If you have $800 to spare, you can have the privilege of being among the first guests at Donald Trump's new hotel in downtown Washington, D.C.
Trump's luxury hotel -- located in the renovated Old Post Office building at Pennsylvania Avenue and 12th St NW -- will begin serving guests Monday, the Associated Press reported. It's a "soft opening," meaning there won't be any pomp and circumstance surrounding the opening. An official ceremony, however, is planned for October.
The 263-room hotel is an easy walk to national monuments and museums and has 35 guest suites with a private entrance on Pennsylvania Avenue. The 19th century building's original stonework and wood paneling were restored for the opening, and there is a 13,200-foot ballroom in case you want to throw a big party there. There's also a BLT Prime steakhouse restaurant, a Starbucks and a gorgeous lobby bar. Trump's daughter Ivanka designed the spa and fitness center.
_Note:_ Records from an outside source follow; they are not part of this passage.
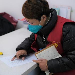 5月13日,张梅在西宁市城西区海晏路社区综合服务中心核对志愿者信息。(新华社记者 童昊 摄)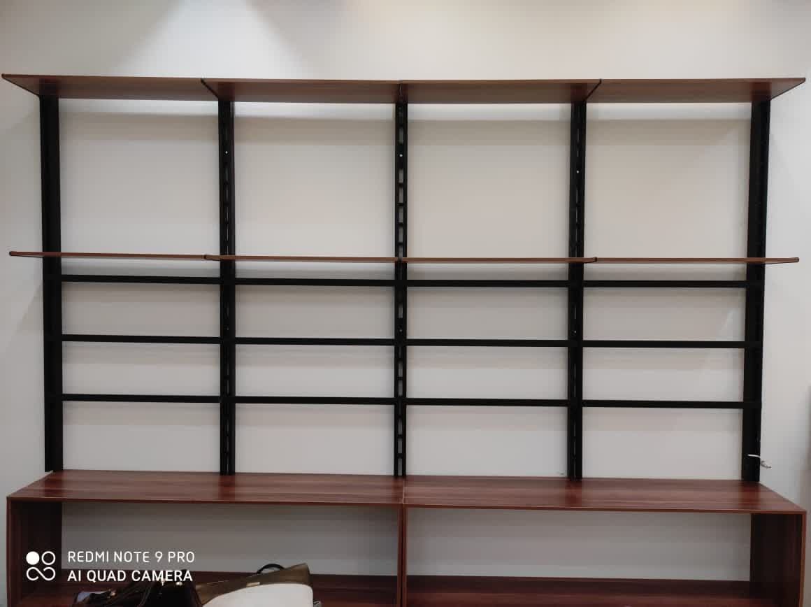 رگال ها برای فروشگاه 150 متری شرکتی همراه ام دی اف ها و میز ها رنگ کوره ای زد خش مشکی وکاملا سالم بدون عیب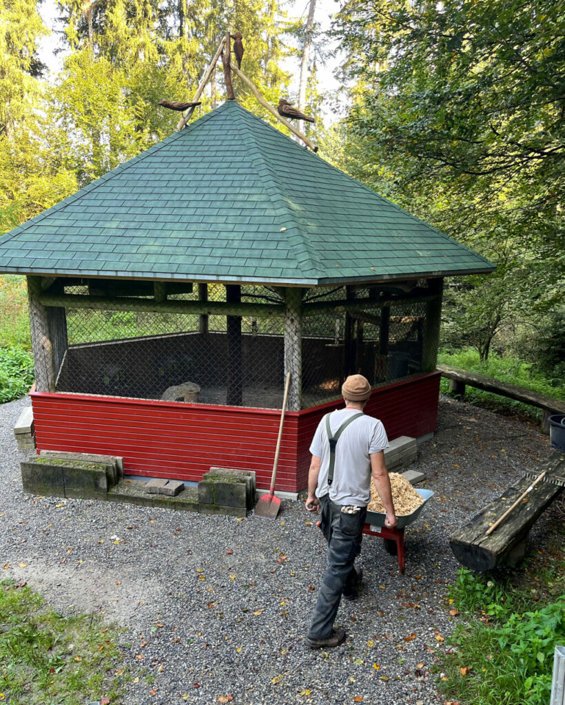Die Sanierung des Waldvogelhauses ist abgeschlossen, wenn auch mit Verzögerungen, da während der Arbeiten mehr defekte Hölzer entdeckt wurden als ursprünglich angenommen. Die gesamte Fassade wurde mit einer sogenannten Rhombus-Schalung verkleidet und das Dach komplett neu aufgebaut und eingedeckt. Zum Schutz gegen Mäuse kamen Drahtgewebe und viel Beton zum Einsatz. Nach einem frischen Anstrich erstrahlt das Vogelhaus nun in Schwedenrot mit grünem Dach und bietet den Zwerghühnern eine neue Heimat.
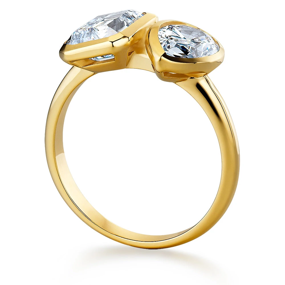 Immerse yourself in the harmonious blend of elegance and modernity with the captivating 2ct Pear and 2ct Emerald Stone Bezel Setting Ring. This extraordinary piece seamlessly marries the classic allure of pear-cut diamonds with the contemporary sophistication of emerald-cut gemstones, all embraced within a sleek and chic bezel setting.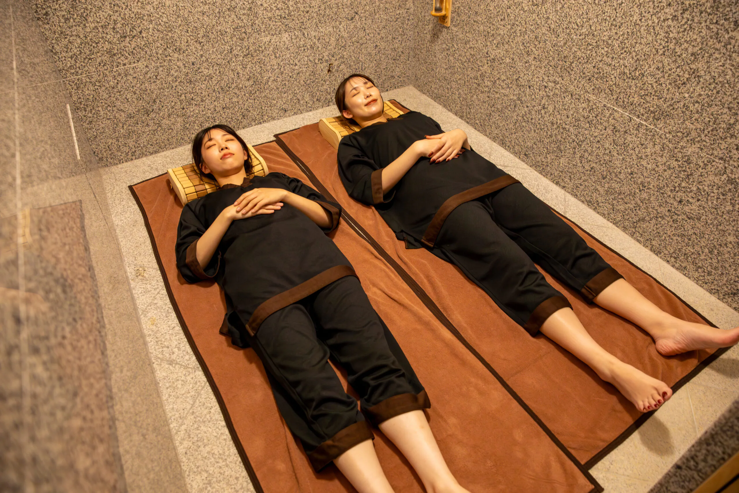 2人で楽しめる個室岩盤浴は、客室ごとに異なる天然鉱石を使用。301号室の「爽床石(そうしょうせき)」は、高い遠赤外線とマイナスイオンで発汗を促し、代謝・免疫力を高める効果があります。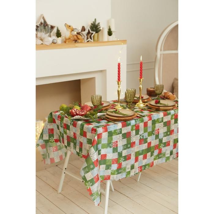Скатерть Доляна «Новый год: Новогодняя мозаика» 145*300 +/- 2 см, 100% п/э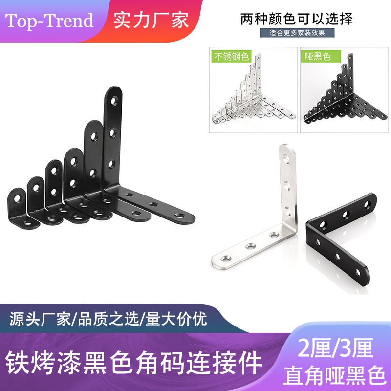 Braket rak kode besi sudut 90 derajat, tebal, baja gulung dingin, sudut 90 derajat, braket partisi L, braket sudut kanan, Kode sudut hitam, grosir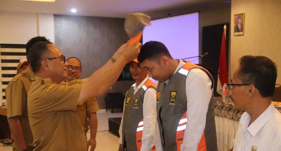 Dalam kesempatan tersebut Sekda di dampingi Kepala Dinas PU secara simbolis memakaikan rompi dan topi Bimtek Pengawas Lapangan kepada 3 orang peserta, selanjutnya Sekda menerima Plakat dari Balai Jasa Kontruksi Wilayah III Jakarta Dirjen Bina Kontruksi Kementrian PUPR. (Nur)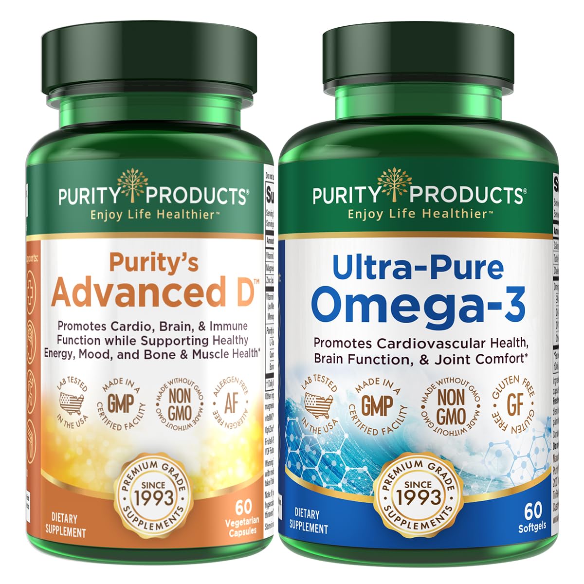 We've combined the benefits of our super concentrated Omega-3 Fish Oil with the incredible health supporting benefits of Vitamin D in one convenient 2-Bottle Kit. Featuring our Ultra Pure Omega-3 Fish Oil plus 5,000 IUs of Dr. Cannell's Advanced D Super Formula. Benefits of Ultra-Pure Omega-3 Fish Oil The two key active ingredients in Fish Oil, DHA and EPA, are widely recognized for their positive influence on many organs and tissues. Fish Oil comprehensively supports healthy heart and cardiovascular function, circulation, the structure and function of cellular membranes, healthy brain development and even healthy skin. Ultra Pure, Super Concentrated Fish Oil As part of Purity's commitment to product quality, not only are these Fish Oils concentrated, but they are "molecularly distilled." This process removes contaminants and locks in the purity. Each 2 soft gel serving contains 1125 mg of a super potent provision of Omega-3's with 565 mg of EPA and 435 mg of DHA. Purity's exclusive soft gel encapsulation process also includes a proprietary - non-repeating - antioxidant blend to maintain freshness. The Vitamin D Revolution Vitamin D's influence on biological functions vital to one's health and well-being mandates that vitamin D supplementation can no longer be ignored by individuals striving to achieve and maintain a greater state of health. Formulated by the Executive Director of the Vitamin D Council, Dr. John J. Cannell, Purity's new Vitamin D Complex is a blend of Vitamin D with several targeted nutrients which complement many of the Vitamin D's desirable health benefits. Advanced D contains no milk, eggs, soy, wheat, tree nuts, fish, shellfish or gluten. Ultra Pure Omega-3 contains no milk, eggs, wheat, tree nuts, shellfish or gluten.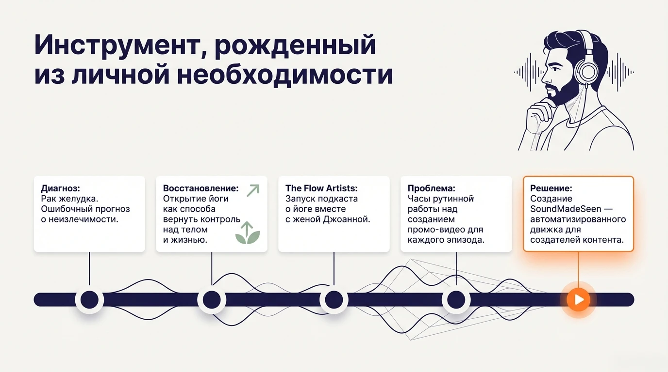 Используя свой опыт создания VOD-платформ и систем обработки видео, Рейн создал SoundMadeSeen — инструмент, который автоматизирует рутину, позволяя авторам сосредоточиться на главном: сторителлинге. Сегодня платформа превращает голос в полноценные мультимедийные активы, объединяя три столпа современного ИИ-контента: голос, изображение и ритм.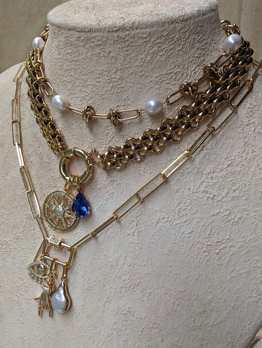 CARA Multi charm gold chain necklace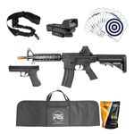 Pistola : 150 fps - Rifle M4A1: 220 fps Rifle: 0,5 Joules - Pistola: 0,2 Joules Pistola: 11 BB's - mid-cap - Rifle: 17 BB’s com reservatório para + 250 BB’s Fabricados em Polímero ABS de alta resistência, é seguro dizer que ambos possuem um peso equilibrado.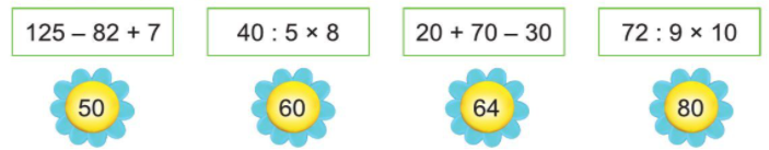 Tính giá trị của mỗi biểu thức sau: Chọn giá trị đúng với mỗi biểu thức sau: Chọn dấu (+, – ) thích hợp: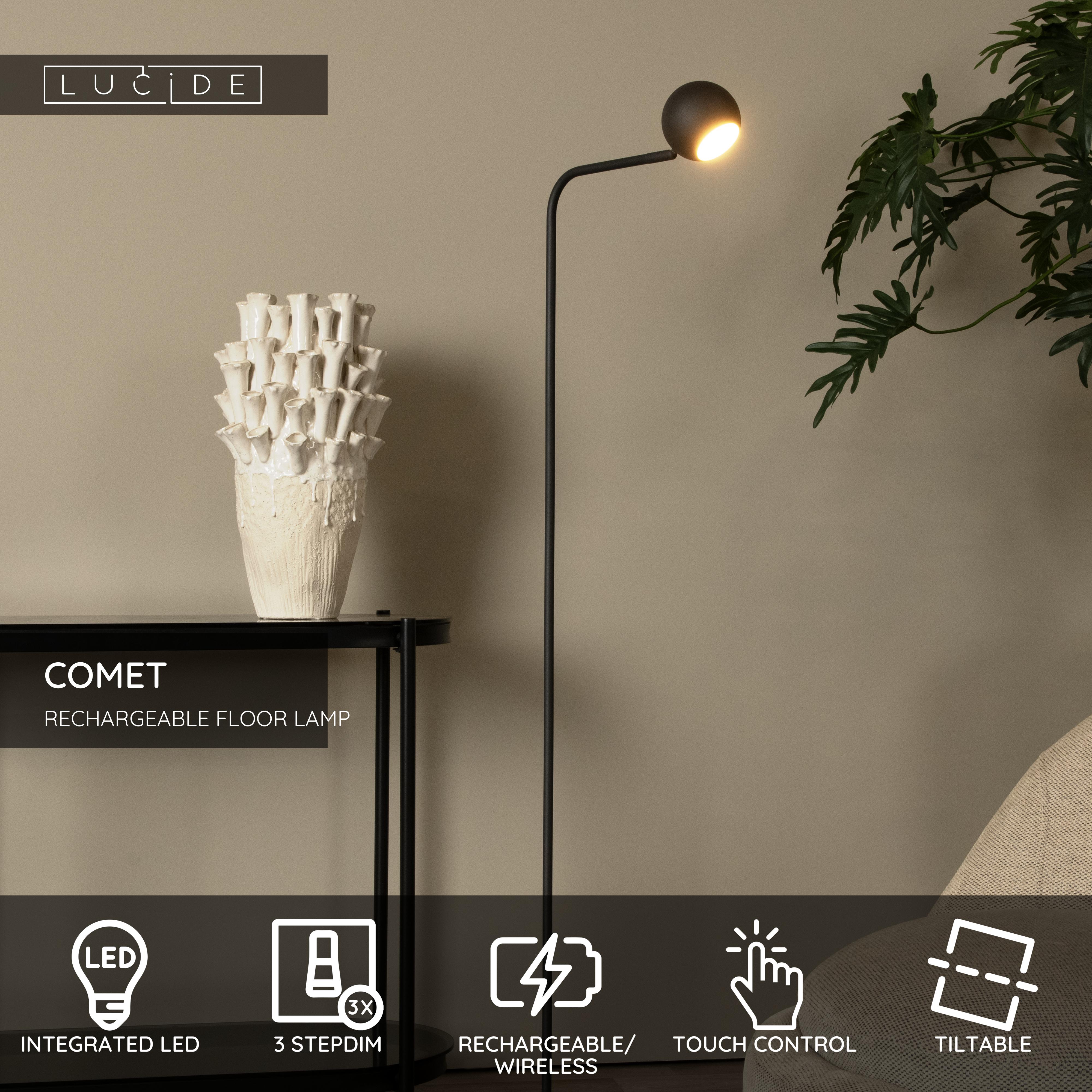 Lucide COMET - Rechargeable Floor lamp - Battery pack- LED 3 StepDim - 1x3W 2700K - Black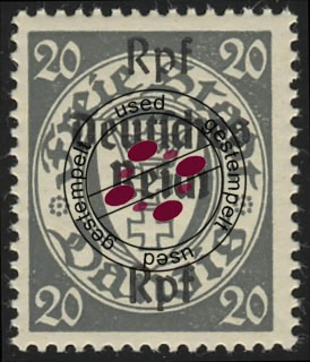 723 Danzig mit Aufdruck 20 Rpf auf 20 Pf, gestempelt O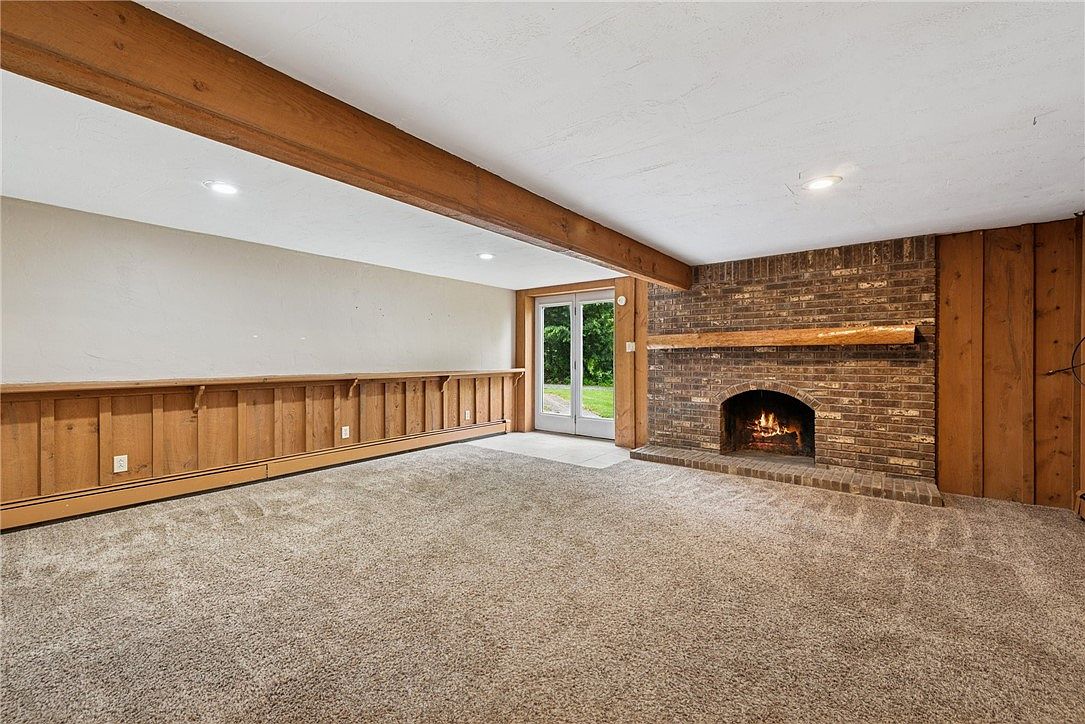 This spacious living room features a warm and inviting design with a dominant rustic feel. The focal point is a large brick fireplace with a wooden mantel, complemented by wood paneling along one wall and a matching exposed beam across the ceiling. Neutral beige carpeting covers the floor, enhancing the cozy atmosphere. Opposite the fireplace, a light wood wainscoting runs under the beige painted upper walls, contributing to a mellow color palette. Glass double doors open to an outdoor space, inviting natural light and greenery inside, creating a peaceful retreat perfect for relaxing.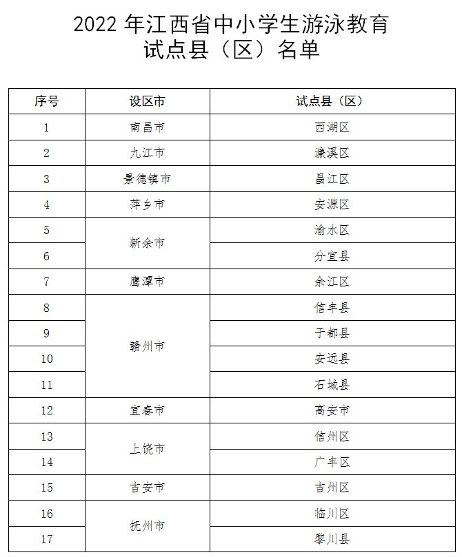 2022年3月4日,江西省教育厅发布《关于公布2022年江西省中小学生游泳教育试点县(区)名单的通知》,认定南昌市西湖区、九江市濂溪区、景德镇昌江区等17个县(区)为“江西省中小学生游泳教育试点县(区)”。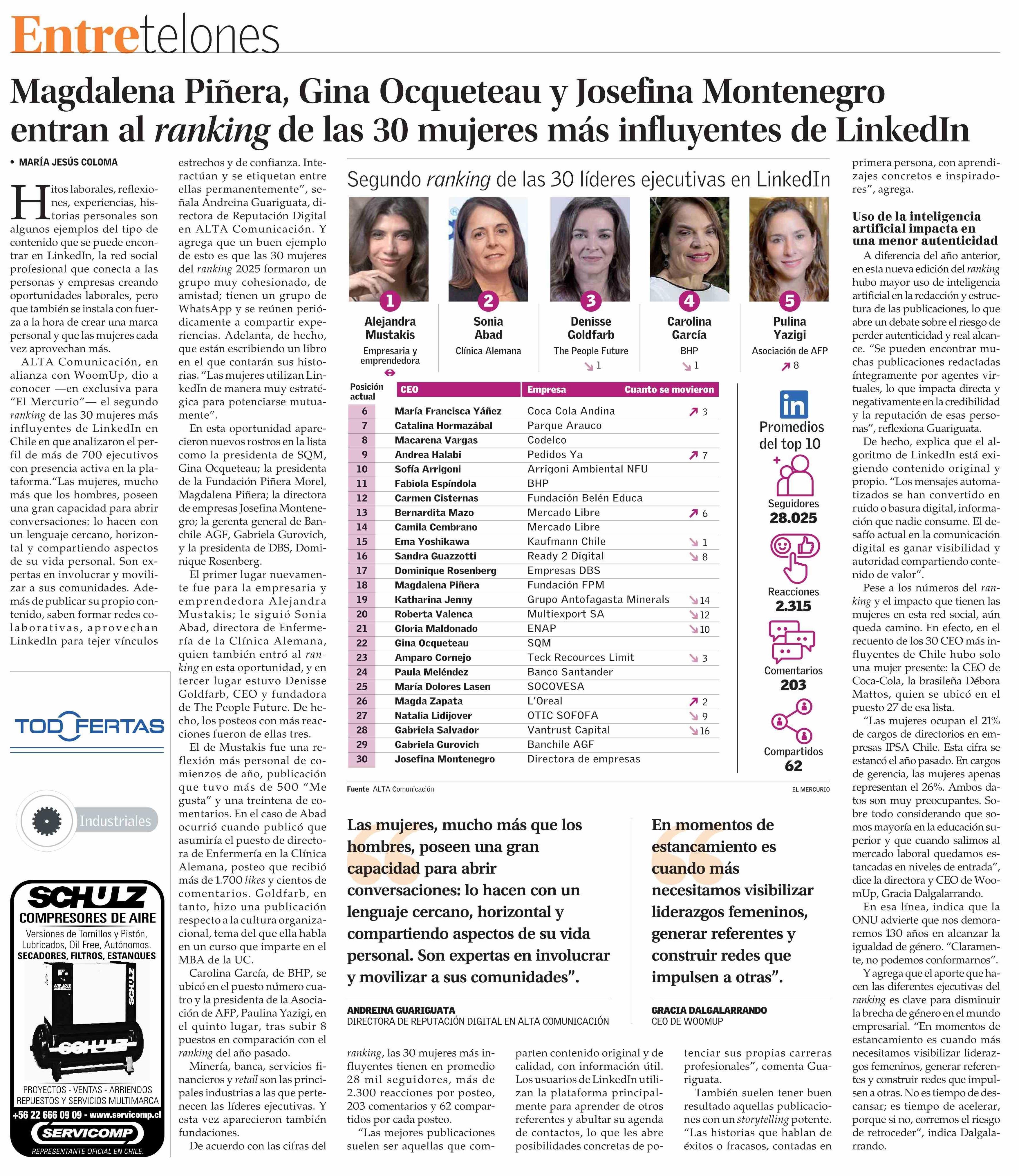 Magdalena Piñera, Gina Ocqueteau y Josefina Montenegro entran al ranking de las 30 mujeres más influyentes de LinkedIn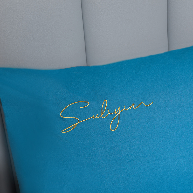 孟鑫家纺 2021新款加厚纯色刺绣磨毛四件套 月光蓝

There's no availability at the hotel on Monday, Tuesday or Wednesday of this week. But if you'd like to stay on Thursday night, the cheapest nightly rate is $806 a night for AAA members, according to a search on the hotel website Money conducted on Monday morning.
For everyone else, the rate rises to $895 a night, and $865 if you book at least three to five days in advance. If you'd like to splurge (even more), you can opt for the "rise and dine" selection, which gives guests an $80 breakfast credit and Wi-Fi access. If that's not enough, the Postmaster Suite will run you $4,800 a night during the soft opening.
Rates will go down after the soft opening period, starting at about $472 a night. However, some of the most luxurious rooms in the hotel will keep their astronomically high price tags. The one-bedroom presidential suite will cost $9,000 a night, and the two-bedroom Trump Townhouse will run you $18,750 each night.
Trump broke ground on the renovation before he entered the presidential race, boasting that it would be one of the finest hotels in the world. However, the development process has not been without its own hiccups.
After he launched his campaign, two well-known chefs -- Geoffrey Zakarian and Jose Andres -- backed out of plans to open restaurants in the hotel because of Trump's comments about Mexican immigrants, according to Eater. Trump sued both chefs, who also filed countersuits against him. While Andres' restaurant was filled by BLT Prime, Zakarian's was repurposed into a large conference room.